Exploring IATI funders in Kenya, Part II – cleaning & visualizing the data
Welcome back to a brief exploration of who funds whom in Kenya based on freely available data from IATI (International Aid Transparency Initiative).
In the last post, we extracted data from IATI data using Python. In this post, we’ll clean that data up and visualize it as a network graph to see what it can tell us about aid funding in Kenya.
If you couldn’t follow the code in the last post, don’t worry: we’ll use the GUI tools OpenRefine and Gephi from now on. You can download the result of last post’s data extraction here.
Data cleaning: OpenRefine
First, let’s clean up the data using Refine. Start Refine and then create a new project with the data file. The first things we’ll do are to clean up both columns and to bring the entries to a common case – I prefer titlecase. We do this with the “Edit cells -> Common transforms” functions “To titlecase” and “Trim leading and trailing whitespaces”:
We do this for both columns. Next we want to make sure that the Ministry of Finance is cited consistently in the data. For this, we first expand all mentions of “Min.” to “Ministry” using a transform (“Edit cells -> Transform…”):
We’ll also do the same for “Off.” and “Office”. Now let’s use the Refine cluster feature to try to automatically cluster entries that belong together.
We create a text facet using the “Facet -> Text” facet option on the Implementers Column. Next, click on the “cluster” button in the upper right. We do this for both columns. (If you’re not sure how to use this feature, check out our Cleaning Data with Refine recipe.)
As a last step, we’ll need to get rid of whitespace, as it tends to confuse Gephi when we import. We do this by replacing all spaces with underlines:
Perfect. Now we can export the data to CSV and load it into Gephi.
Network exploration: Gephi
Start Gephi and select “New Project”, then Open the CSV file. For some reason, Gephi doesn’t handle captions very well, so you’ll have to switch to “Data Laboratory” and remove the “Funder” and “Implementer” nodes.

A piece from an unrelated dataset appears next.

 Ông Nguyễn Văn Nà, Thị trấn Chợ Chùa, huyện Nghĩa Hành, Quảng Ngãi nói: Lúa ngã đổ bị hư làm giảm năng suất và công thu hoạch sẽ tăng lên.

Now switch back to “Overview”. Time to do some analysis!
Let’s first turn the labels on. Do this by clicking the “T” icon on the bottom:
Whoa – now it’s hard to read anything. Let’s do some layouting. Two layouts I’ve found work great in combination are ForceAtlas 2 and Fuchterman Reingold. Let’s apply them both. (Don’t forget to click “Stop” when the layout starts looking good.)

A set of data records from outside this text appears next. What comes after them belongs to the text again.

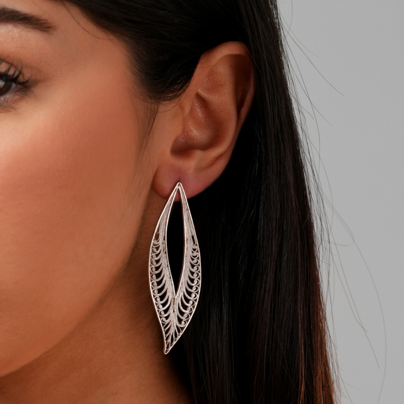 گوشواره جفت گلشیفته،ساخته شده از نقره عیار 925 و کاملا دست ساز می باشد.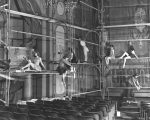 Mason Opera House (later renamed the Mason Theatre), at 127 South Broadway, is being renovated for the opening of Rose Marie. Lemoyne Redmond, left, Anna Verity and Dorothy Nelson are seen applying the finishing touches, March 27, 1941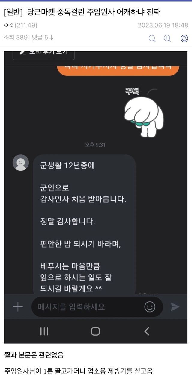 주임원사or행보관+당근 무료무나=지옥

Great! After applying both algorithms, your graph should look similar to the picture below:
OK, now let’s highlight the bigger funders and implementers. We can do this with the text-size adjustment up top:
Great – but the difference seems to be too stark. We can change this with the “Spline…” setting:
OK, now let’s get the labels apart. There is a label-adjust layout we’ll use. Run this for a while. Now our graph looks like this:
Let’s get some color in. I like the “Modularity” statistic – this will colour nodes that are close to each other similarly.

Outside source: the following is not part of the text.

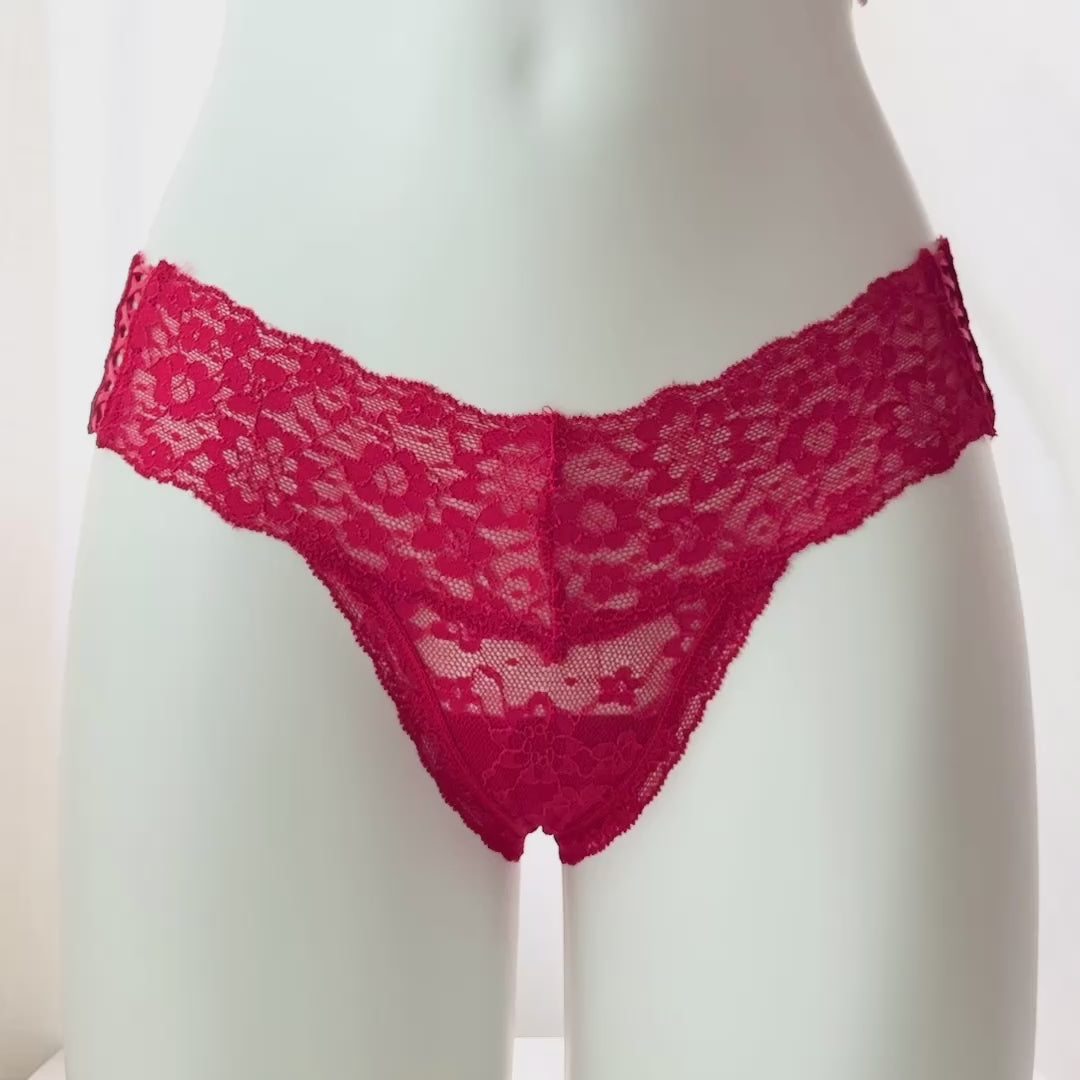 This low-rise thong panty features all-over stretch posey floral lace with delicate trim at the legs for a feminine finish. Flirty lace-up sides add a unique detail while lying flat for a smooth, no-show fit under clothing. With minimal back coverage, a breathable 100% cotton gusset, and fabric partially made from recycled materials, this thong offers both style and sustainability. Perfect for when you want a panty that’s equal parts romantic, lightweight, and comfortable.

Next, colour the text by “Modularity Class”.
Finally, we change the background colour to make the colours visible nicely.
Now that we’ve done this, let’s export the graph. Go to the “Preview” settings. You’ll quickly note that the graph looks very different. To fix this, try different settings and strategies, switching between “overview” and “preview” until you find a result you’re happy with. Here’s an example of what you can come up with:
What we can clearly see is that some of the funders tend to operate in very different spaces. Look at CAFOD (a Catholic development organization) on the right, or the cluster of USA and UN, WFP and European Commission at the top.
Now you’re equipped with the basics of how to use Gephi for exploring networks – go ahead! Is there something interesting you find? Let us know!